Та была похожа на сорокалетнюю Бритни Спирс, которая закончила курсы бухгалтеров, здорово потолстела и никогда не была в шоу-бизнесе. Во всяком случае, кожа у нее на лице больше говорила о внезапном приходе весны, когда под лучами солнца ровный до этого снег становится пористым и блестящим, нежели о кропотливой заботе кудесников макияжа. Короткая и кокетливая прическа «под целочку», как определил ее для себя Филиппов, состояла из обесцвеченных в гепатитную желтизну не самых густых на свете волос.
Польщенная его вниманием, суррогатная поп-принцесса вынула из уха наушник своего телефона и улыбнулась:
– Что, простите?
– Я спрашиваю – куда летим?
Лицо суррогата в розовом стало слегка беспомощным. Для нее это был не совсем тот вопрос, который она ожидала услышать после двух с лишним часов полета. Она вполне могла рассчитывать на что-нибудь вроде «Вам нравятся горные лыжи?», или на любую другую чушь, которой обычно пользуются мужчины, чтобы завязать разговор, но услышала она именно это:
– Куда мы летим?
Филиппов с очень серьезным видом смотрел ей в лицо, судя по всему, ожидая ответа. Розовый мозг сорока-с-чем-то-летней принцессы ощутил подвох и напрягся. Следы этого напряжения заметно проступили у нее на лбу в районе бровей. Она думала.
– В каком смысле – куда? На Север… В ваш родной город.
Теперь пришла очередь Филиппова напрягаться.
– В мой город? А ты знаешь, где я родился?
– Конечно. Вы же сами сказали.
Филиппов тоже нахмурил брови, хмыкнул, потер лоб, а потом с подозрением уставился на соседку:
– Когда?
– В аэропорту. Еще перед вылетом.
Она вынула наушник из второго уха и выключила музыку в своем телефоне.

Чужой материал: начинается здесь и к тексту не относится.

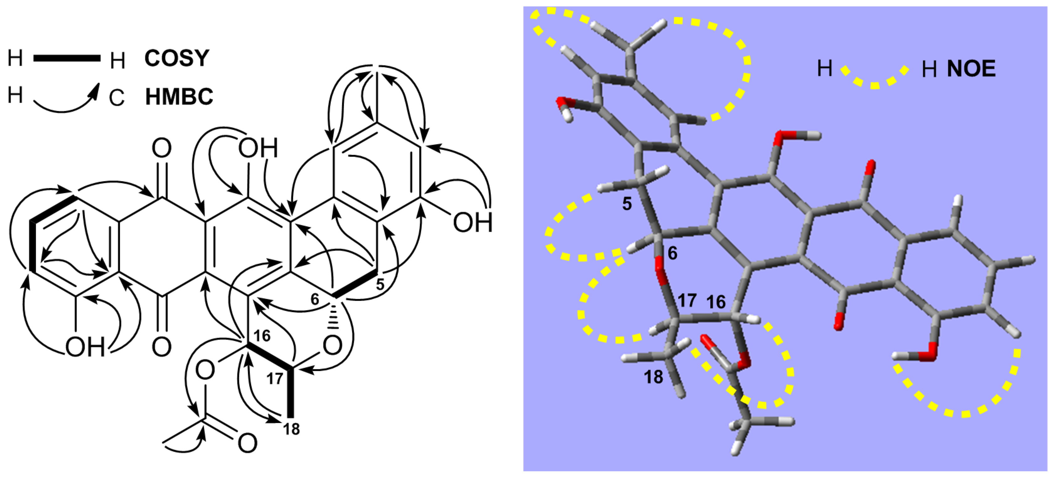 - Fernekorn, U.; Heinze, T.; Schlegel, B.; Dahse, H.M.; Gräfe, U. Synthesis of a new polycyclic quinone by reduction of a dihydrobenzo. J. Antibiot. 2001, 54, 191–192. [Google Scholar] [CrossRef] [PubMed]

– А мы разве знакомы? – недоверчиво спросил Филиппов.
– Ну да… Я – Зина. Вы что, не помните?
Она удивленно смотрела на него, пытаясь понять – шутит он или говорит серьезно.
– Нет, – покачал он головой. – Я вообще ничего не помню. У меня обморок был сейчас в туалете. И, кажется, я там ударился головой. Я даже не помню, кто я.

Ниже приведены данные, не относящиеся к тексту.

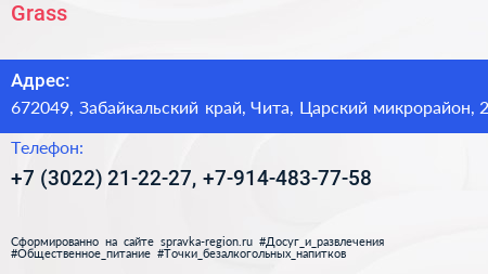 Grass по адресу 672049, Забайкальский край, Чита, Царский микрорайон, 2 в дальнейшем Организация, размещена в следующих категориях:

Принцесса Зина перестала дышать. В ее розовой, обесцвеченной перекисью водорода жизни, возможно, происходили драматические события, но случай Филиппова был явно круче всего.
– Как не помните? – наконец проговорила она. – Совсем?

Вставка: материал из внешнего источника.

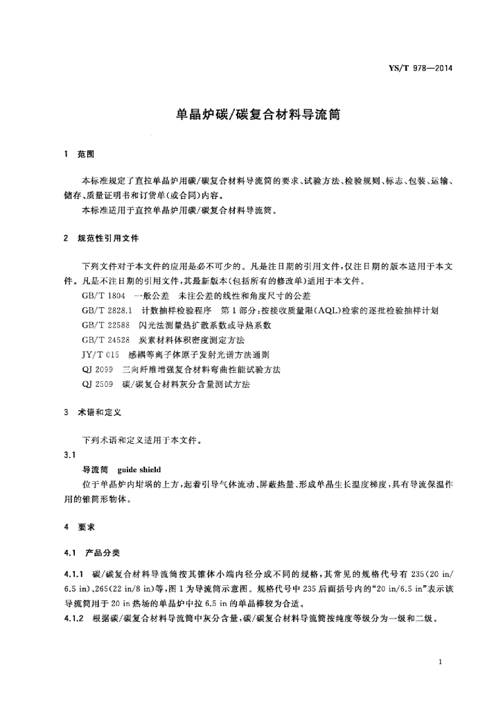 YS/T 978-2014 单晶炉碳_碳复合材料导流筒

– Абсолютно. – Филиппов пожал плечами. – Кто я?
К этому времени стюардессы со своей огромной облезлой тележкой добрались до их ряда кресел, и старушка, активно дремавшая у иллюминатора, начала подавать признаки жизни. Дремала она именно что активно и даже напоказ, потому что в самом начале полета, когда самолет еще только выруливал на взлетную полосу, вынудила Филиппова пересесть на ее место рядом с проходом. Своей тревожной старушечьей совестью она чувствовала, что ей надо отыгрывать заявленную в прологе роль, состоявшую в том, что она была сильно больна, и от этого даже стонала, и что единственным средством от ее наверняка неизлечимой болезни могло послужить только место рядом с окошком, куда она благополучно переползла через усевшуюся уже розовую Зинаиду, быстро разулась и тут же страдальчески закатила глаза, чтобы не видеть весь этот измучивший ее несправедливый и жестокий мир. Впрочем, всякий раз, когда стюардессы принимались что-нибудь разносить, она невероятным усилием воли восставала к жизни и надолго задерживала их с требованием показать ей все, что они предлагали. Получив желаемое, она ловко шуршала оберткой, хрустела печеньем, потом ставила пустой стакан на откидной столик Зинаиды, поднимала свой, чтобы устроиться поудобней, и со смиренным стоном отходила в гостеприимное лоно страдания.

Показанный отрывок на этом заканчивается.